Semantic validator IndexStartupValidator.validateIndexingConfig() via ContentletIndexAPIImpl.checkAndInitializeIndex() (ContentletIndexAPIImpl.java:524-541) Single probe, no retry. Phase-aware: Phase 3 → DotRuntimeException; Phase 0–2 → haltMigration() (fallback).

Startup ordering problem (empty-DB path)

By servlet load-on-startup order:

  1. MainServlet (=1) calls APILocator.getESIndexAPI().waitUtilIndexReady() (MainServlet.java:113) — waits on ES only, hardcoded, even in Phase 3 where OS is primary — then runs the startup tasks.
  2. Inside the tasks: Task00004LoadStarter → DotCMSInitDb.loadStarterSite → refreshAllContent → ContentletIndexAPIImpl.fullReindexStart → initIndex → bootstrapAndPoint → bootstrapAndPointOS → createContentIndex(IndexTag.OS). OS indices are created here, before any OS connection gate.
  3. InitServlet (=8) runs checkAndInitializeIndex() → the phase-aware validator — too late: indices already exist, so if (!indexReady()) is false and the gate is effectively skipped.

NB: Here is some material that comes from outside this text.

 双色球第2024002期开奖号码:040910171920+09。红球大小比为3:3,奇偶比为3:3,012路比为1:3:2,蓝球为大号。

Scope note: the empty-DB bypass only bites when DB is empty AND migration is started (Phase ≥ 1), because initIndex() computes osNeeded = isMigrationStarted() && !indexReadyOS() (ContentletIndexAPIImpl.java:688-689). In Phase 0 no OS indices are created, so there is no gap. This is exactly the os-migration fresh-install scenario.

Target behavior

Phase OS unreachable after N retries Behavior
Phase 1 / 2 (shadow) yes Fallback to ES (haltMigration() / phase reset)
Phase 3 (OS primary) yes Abort, same as ES does today — no fallback

Consistent with [feedback] "OS write failures are fire-and-forget in Phase 1/2 but must propagate in Phase 3 (OS is primary)".

Acceptance Criteria

A — Startup readiness gate waits on the primary store, not ES-hardcoded

  • MainServlet startup readiness wait routes through the phase-aware router (getIndexAPI().waitUtilIndexReady(), IndexAPIImpl.java:193) instead of getESIndexAPI() directly, so the gate waits on the primary store for the current phase (ES in Phase 0–1, OS in Phase 3).
  • In Phase 0 / Phase 1, ES remains the store waited on (no behavior change for non-migrating installs).

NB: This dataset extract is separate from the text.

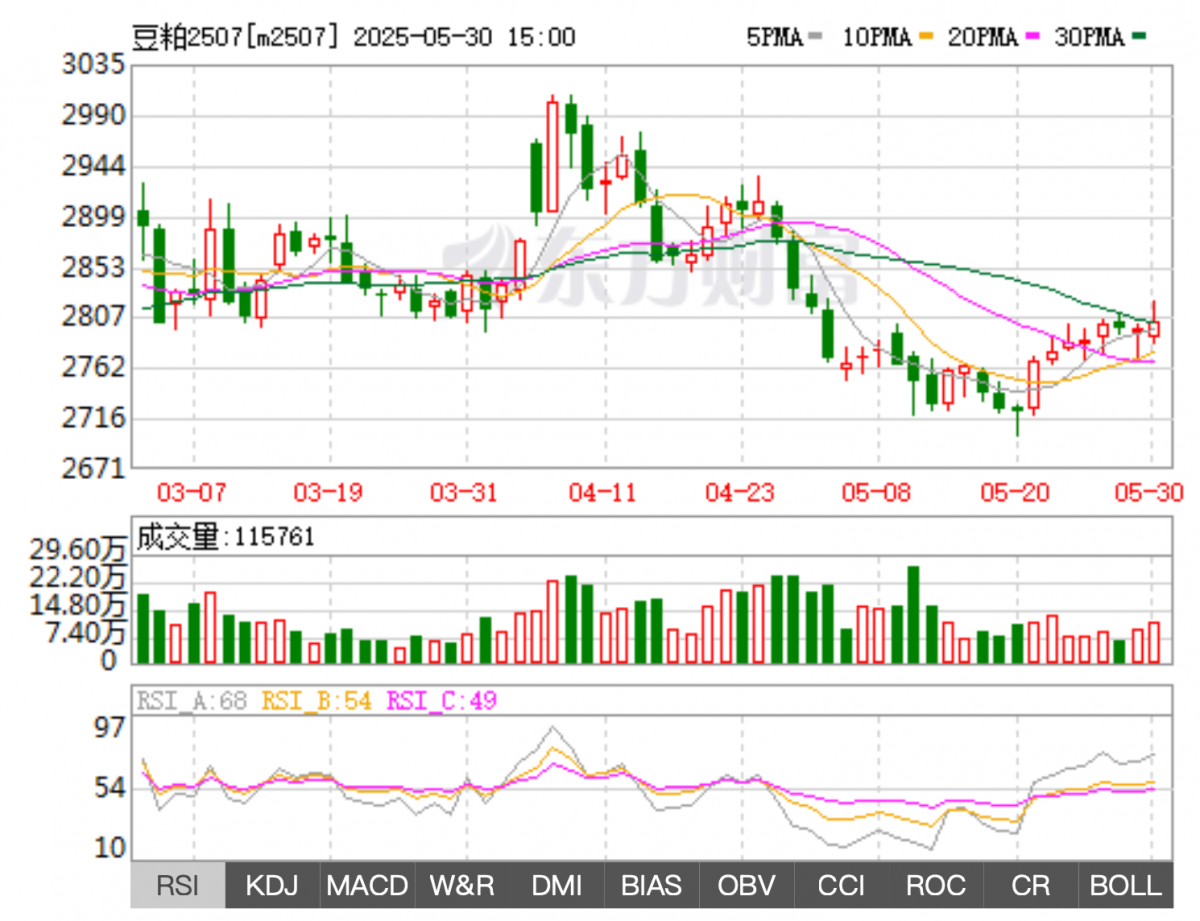图2 大商所连豆粕2507期货合约走势图(日k行情)

B — OS waitUtilIndexReady() outcome is phase-aware

  • In Phase 3, exhausting OS_CONNECTION_ATTEMPTS retries aborts startup (current immediateExit behavior preserved) with an actionable fatal message.
  • In Phase 1 / 2, exhausting retries does not kill the server: it falls back to ES via haltMigration() (phase reset), logging a clear WARN/ERROR explaining the fallback.
  • Retry count and sleep remain configurable (OS_CONNECTION_ATTEMPTS w/ ES_CONNECTION_ATTEMPTS fallback; OS_CONNECTION_RETRY_SLEEP_SECONDS).

C — Connection gate runs before OS index creation on the empty-DB path (unification, minimal)

  • Before bootstrapAndPointOS creates OS indices (ContentletIndexAPIImpl.initIndex/bootstrapAndPoint, ~682-734), the primary-store connection gate (retry-N, phase-aware outcome from B) runs first.
  • On empty-DB + Phase ≥ 1, an unreachable/misconfigured OS fails fast with an actionable message (config + phase + endpoint), rather than throwing ConnectionClosedException deep inside createContentIndex.
  • Both startup paths (populated-DB via InitServlet and empty-DB via Task00004LoadStarter) pass through the same connection gate before creating/using OS indices — the gate no longer lives only in InitServlet (which runs too late).
  • Minimal scope: C reuses the retry + phase-aware outcome from B. It does not move the full semantic validateIndexingConfig() (OS version + endpoint-separation) into the bootstrap hot path — that stays in checkAndInitializeIndex().

General

  • No regression to non-migrating (Phase 0) startup on either populated or empty DB.
  • New/changed phase-branching behavior covered by tests (unit/IT as appropriate).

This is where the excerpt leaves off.